Dvorak was designed a long time ago for typewriters, i.e. it tries to alternate hand movements, which some people like but many find it makes them slower.

Colemak is meant to be closer to qwerty and was designed for computer keyboards.

Then again I'm sure Dvorak is already miles better than qwerty and the differencesneith Colemak are minor. I think the reason I chose it originally was because of some youtube video but I don't remember what it was called.

Also I really like the Colemal DH mod.

[–] Contort3860@links.hackliberty.org 0 points 2 months ago (1 children)

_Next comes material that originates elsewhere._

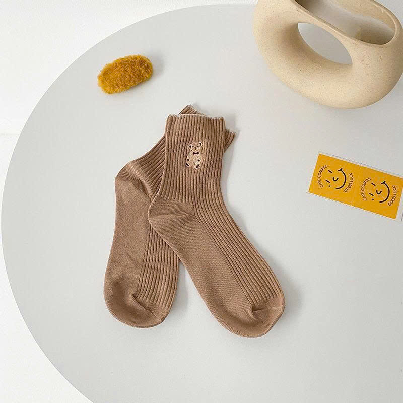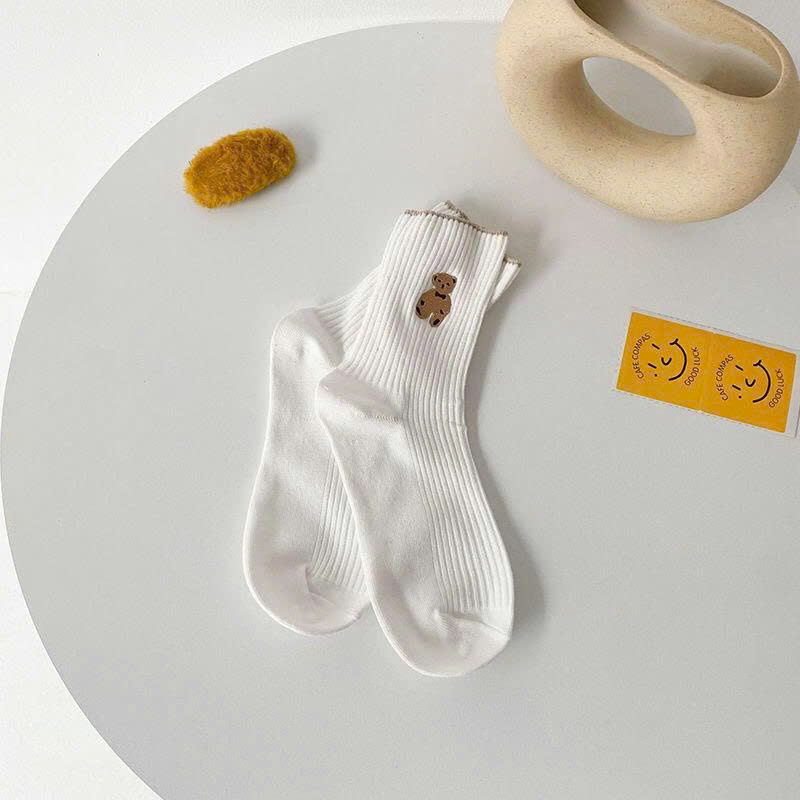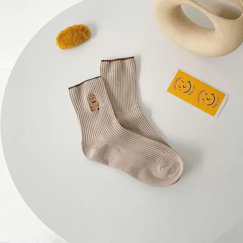 Giá sỉ set 5 Đôi Vớ Cổ Cao Họa Tiết Hình Gấu – Đôi Tất Cổ Cao Phong Cách Hàn Quốc

I still want to get a split keyboard at some point and I'd love for it to be columnar stagger. I don't do too much typing these days, but I'd love to make the typing I do just a bit more enjoyable.

[–] PotatoesFall@discuss.tchncs.de 0 points 2 months ago (1 children)

It was a real game changer for me. If you combine it with layers for accessing numbers, arrows, symbols, home/end etc without moving your hand, it makes typing so much comfier and faster

[–] Contort3860@links.hackliberty.org 0 points 2 months ago (1 children)

I have some 60% keyboards. The layers make me slow and they're not very comfortable. But everyone keeps saying they're amazing, so I'm waiting for it to click.

[–] PotatoesFall@discuss.tchncs.de 0 points 2 months ago (1 children)

Tbf most of my layer toggles are happening with a thumb, which isn't possible on a normal keyboars because they give you a 10x wide key for your most flexible digit, and no other keys in reach.

I recommend a keyboard with at least 3 keys in the thumb cluster. Once you figure out what you like and get used to it, it's like a superpower

I can actually believe that. Especially in comparison to hunting for th Fn key for all of the layered keys.